While there is potential in using neuroimaging, only a few studies touch upon the cost of introducing neuroimaging in surgical skill training. With the introduction of simulation into surgical skill training, studies sought to highlight the cost-effectiveness and the need to regularly assess the feasibility but also found that the implementation cost can be a substantial investment [60, 61].

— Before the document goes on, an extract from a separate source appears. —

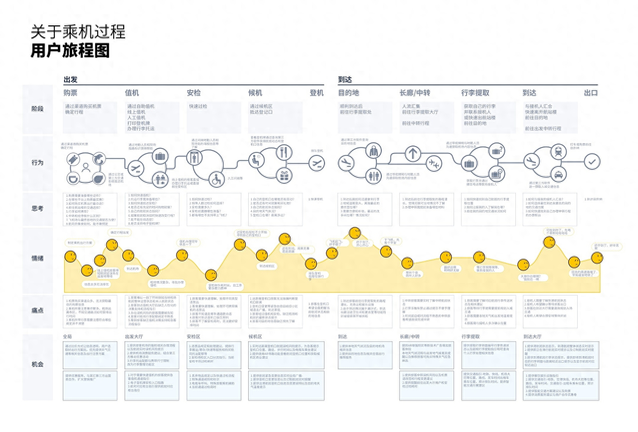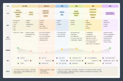 用戶旅程圖是一種圖形化工具,用于詳細描述用戶在使用產品或服務時所經歷的各個階段和步驟。它能夠展示用戶的整個使用過程,包括用戶的需求、痛點、態度和行為,以及產品或服務如何與用戶進行互動。作為產品設計者,我們可以通過用戶旅程圖更好地理解用戶需求,提前發現后續的用戶體驗問題,并思考如何提升產品或服務的用戶體驗。

Future research in this area should address the abovementioned limitations and focus on developing more standardized and reliable neuroimaging-based assessments of surgical skills both in the learning process and the implications for intraoperative real-time feedback. Research is also needed to investigate the long-term impacts of training on the brain.

Conclusion

Using neuroimaging to assess surgical skills is a quickly evolving research area with the potential for evaluating technical and non-technical surgical competencies. Different neuroimaging modalities have shown similar patterns in brain activations patterns, with the prefrontal cortex, supplementary motor area, and primary motor area being the most frequently investigated areas. There is not yet agreement on which areas and activation patterns are relevant when assessing surgical skills, but the prefrontal cortex shows the greatest potential in novice-expert comparisons and in investigating cognitive load and performance and has significant activation patterns when comparing novices with experts and untrained with trained subjects. Therefore, we recommend that research focus on the PFC when using neuroimaging to assess surgical skills.

Overall, this systematic review highlights the potential of neuroimaging in surgical skill assessment, but further research is needed to establish whether it can be a useful assessment tool in surgical education.